On Monday, Erie County Legislator Maria Whyte, who is the Democratic candidate for Erie County Comptroller, held a press conference accusing her Republican opponent of dragging his feet on filing campaign finance disclosure reports. Chris Jacobs, she said, had failed to meet the latest deadline for filing, September 23, as he was required by law to do because he ran in the Independence Party primary last month. She noted that he also had failed to file a report for the period ending July 15, despite the fact that he had begun handing out campaign literature—for which someone must have paid—before that date.

Whyte’s criticism was blunted somewhat by an inconvenient occurrence: Jacobs’s 10-day post-primary disclosure form appeared online the very day she called the press conference criticizing his failure to file it.
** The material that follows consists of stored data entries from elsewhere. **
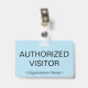 Ce modèle de badge simple comporte le message "VISITEUR AUTORISÉ" et un nom de société personnalisable ou un autre message personnalisé. Un badge comme celui-ci pourrait être utilisé pour identifier une personne sur un lieu de travail ou dans une entreprise comme étant un invité/visiteur autorisé. [~Z0000307]
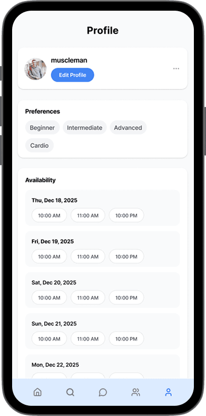 Users loved how easy it was to find gym partners based on availability and fitness goals. With the scheduler, they could see who fits their schedule best and has similar fitness goals, so everyone is on the same page and can find a good workout buddy.
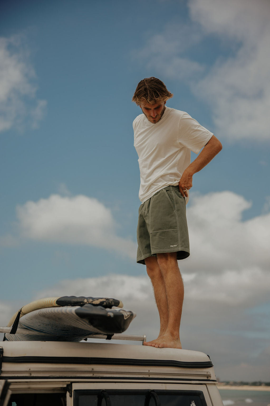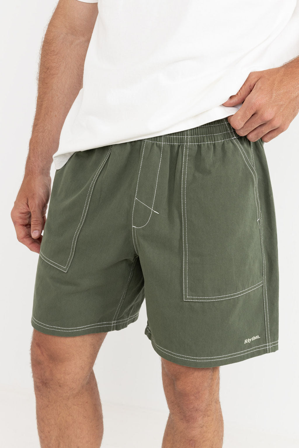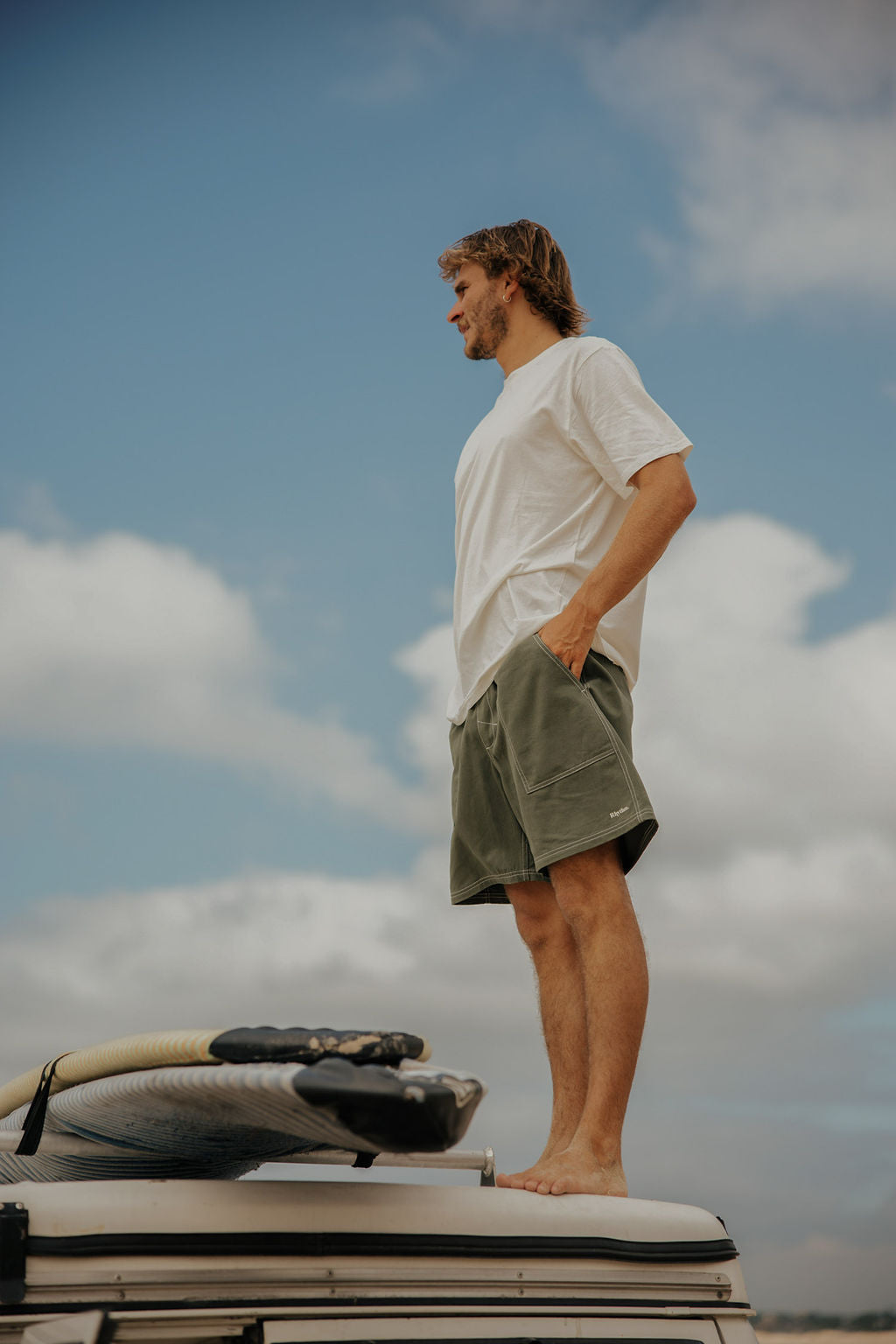 Designed for those who move between surf and street, the Floresta Jam in Forest features a baggy 19-inch outseam with a washed finish for a vintage hand feel. A comfortable elastic waistband, cotton drawstring, and functional pockets complete the design.

For the record, as of September 23, he had about $32,500 in the bank. He’d spent about $42,000. He loaned $30,000 to his campaign and donated another $5,000; family members kicked in another $10,500. Whyte has not filed since July, because she did not have a primary. As of July 15, she’d raised about $27,000 and spent about $9,000.

Meglio tardi che mai, the Italians say: Better late than never. Still, Whyte’s point obtains: Jacobs was late in filing. Whyte also cited this paper’s coverage of Jacobs’s reluctance to file campaign finance disclosure forms related to his 2009 race for his at-large seat on Buffalo’s school board. We, along with other petitioners, took Jacobs to court in order to get him to disclose his donors and his expenditures, an effort that both succeeded and failed: We got most (but not all) of the information we sought, but ultimately our suit—which was intended to underline the weakness of New York State’s election laws, particularly as they pertain to school board elections, rather than to embarrass Jacobs in particular—was dismissed. The dismissal may have proved our point about the law’s weakness (even the judge seemed to agree on that) but was a loss nonetheless.